2.      Konvensi tentang hak politik perempuan yang mencakup hak perempuan untuk memilih dan di pilih tanpa perlakuan diskrimnasi, serta hak perempuan untukmenempati jabatan public.
3.      Periode 1959-1966
Periode ini merupakan masa berakhirnya  demokrasi liberal, digantikan oleh sistim demokrasi terpimpin yang berpusat pada kekuasaan presiden sukarno. Demokrasi terpimpin (guided democracy) tidak lain sebagai bentuk penolakkan presiden sukarno  terhadap system demokrasi parlementer yang di nilainya sebagai produk barat. Menurut sukarno, demokrasi parlementer tidak sesuai dengan  karakter bangsa indonesia yang telah  memiliki tradisinya sendiri dalam kehidupan bermasyarakat  dan bernegara.
4.      Periode 1966-1998
Pada mulanya, lahirlah orde baru menjanjikan harapan baru bagi penegak HAM di Indonesia. Berbagai seminar tentang HAM dilakukan orde baru. Namun pada kenyataannya, orde baru telah menorehkan sejarah hitam pelanggaran HAM di Indonesia, janji janji orde baru tentang pelaksanaan HAM di Indonesia mengalami ke munduran sangat pesat sejak awal 1970- an hingga 1980- an. Setelah mendapat mandat konstitusional dari siding MPRS, pemerintah orde baru mulai menunjukkan watak aslinya sebagai kekuasaan  yang anti- HAM yang dia nggapnya sebagai produk barat.

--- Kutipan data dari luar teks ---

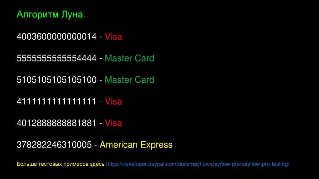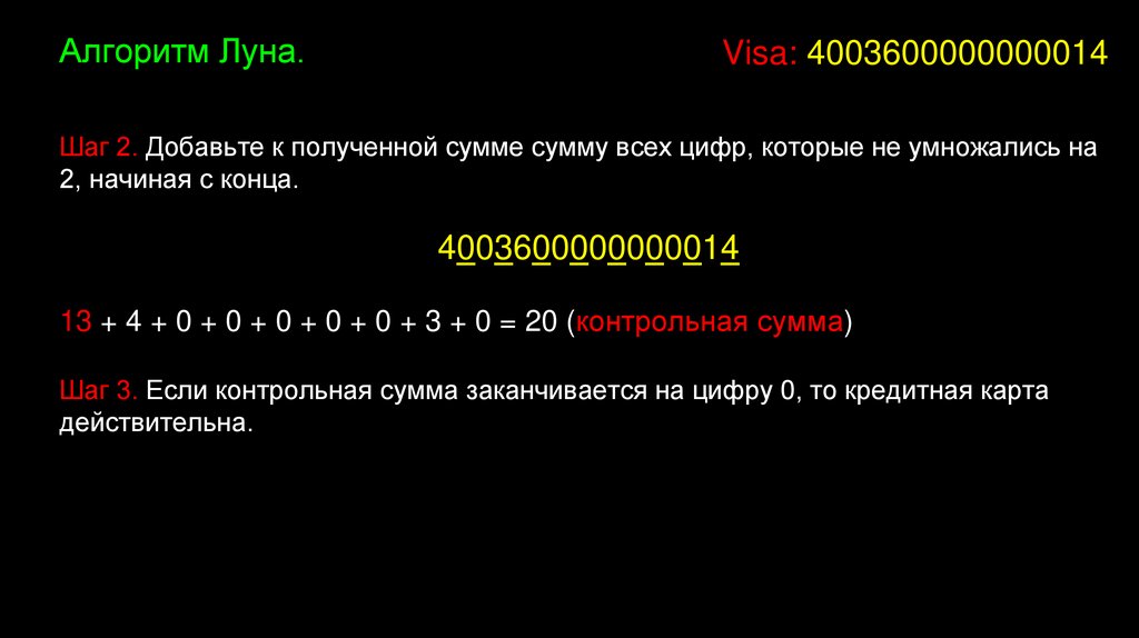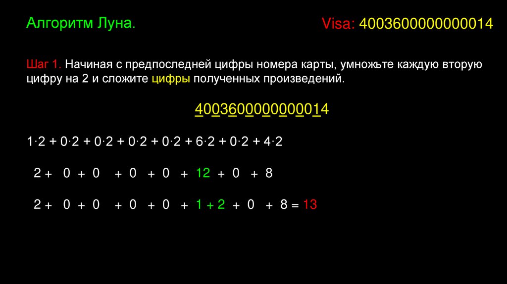 Алгоритм Луна.4003600000000014 - Visa

Di tengah kuatnya peran negara, suara perjuangan HAM dilakukan oleh kalngan organisasi nonpemerintah atau lembaga swadaya masyarakat (LSM). Upaya penegakan HAM oleh kelompok- kelompok nonpemerintah membuahkan hasil yang menggembirakan di awal ’90-an. Kuatnya tuntutan penegakan HAM dari kalangan masyarakat mengubah pendirian pemerintah Orde-Baru untuk bersikap lebih akomodatif terhadap tuntutan HAM. Satu diantara sikap akomodatif pemerintah tercermin dalam persetujuan pemerintah terhadap pembentukan komisi nasional hak asasi manusia (Komnas HAM) melalui keputusan presiden (kepres). Kehadiran Komnas HAM adalah untuk memantau dan menyelidiki pelaksanaan HAM, member pendapat, pertimbangan, dan saran kepada pemerintah perihal pelaksanaan HAM. Lembaga ini juga membantu pengembangan dan pelaksaan HAM yang sesuai dengan Pancasila dan UUD 1945. Sayangnya, sebagai lembaga bentukan pemerintah Orde Baru penegakan HAM tidak berdaya dalam mengungkap pelanggaran-pelanggaran HAM yang dilakukan oleh negara.
Sikap akomodatih lainnya ditunjukkan dengan dukungan pemerintah meratifikasi tiga konvensi HAM: (1) Konvensi tentang penghapusan Segala bentuk diskriminasi terhadap perempuan, melalui UU No. 7 Tahun 1984; (2) Konvensi anti-apatheid dalam olahraga, melalui UU No. 48 Tahun 1993; dan (3) Konvensi hak anak, melalui keppres No. 36 Tahun 1990
5.      periode Pasca-Orde Baru
Tahun 1998 adlah era paling penting dalam sejarah HAM di Indonesia. Lengsernya tampuk kekuasaan Orde Baru sekaligus menandai berakhirnya rezim militer di Indonesia dan datangnya era baru demokrasi dan HAM, setelah tiga puluh tahun lebih terpasung di bawah rezim otoriter. Pada tahun ini, Presiden Soeharto digantikan oleh B.J. Habibie yang kala itu menjabat sebagai Wakil Presiden RI.
Pada masa pemerintahan Habibie misalnya, perhatian pemerintah terhadap pelaksanaan HAM mengalami perkembangan yang sangat signifikan. Lahirnya Tap MPR No. XVII/MPR/1998 tentang HAM merupakan salah satu indicator keseriusan pemerintahan era Reformasi akan penegakan HAM.
Kesungguhan pemerintahan B.J. Habibie dalam perbaikan pelaksaan HAM ditunjukkan dengan perancangan program HAM yang dikenal dengan istilah Rencana Aksi Nasional HAM, pada Agustus 1998. Agenda HAM ini bersandarkan pada empat pilar, yaitu: (1) Persiapan pengesahan perangkat internasional di bidang HAM; (2) Diseminasi informasi dan pendidikan bidang HAM; (3) Penentuan skala prioritas pelaksanaan HAM; dan (4) Pelaksanaan isi perangkat internasional di bidang HAM yang telah diratifikasi melalui perundang-undangan nasional.
Komitmen pemerintah terhadap penegakan HAM juga ditunjukkan dengan penegkan UU tentang HAM, pembentukan kantor menteri Negara urusan HAM yang kemudian digabung dengan Departemen Hukum dan Perundang-undangan menjadi departemen Kehakiman dan HAM, penambahan pasal-pasal khusus tentang HAM dalam Amandemen UUD 1945, penerbitan inpres tentang pengurusutamaan gender dalam pembangunan nasional, pengesahan UU tentang pengadilan HAM. Pada tahun 2001, Indonesia juga mendatangi 2 protokol Hak Anak, yakni protocol yang terkai dengan larangan perdagangan, protitusi, dan pornografi anak, serta protocol yang terkait dengan keterlibatan anak dalam konflik dalam bersenjata. Menyusul kemudian, pada tahun yang sama pemerintah membuat beberapa pengesahan tentang penghapusan kekerasan dalam rumah tangga, dan penerbitan Keppres tentang Rencana Aksi Nasional (RAN) HAM Indonesia Tahun 2004-2009.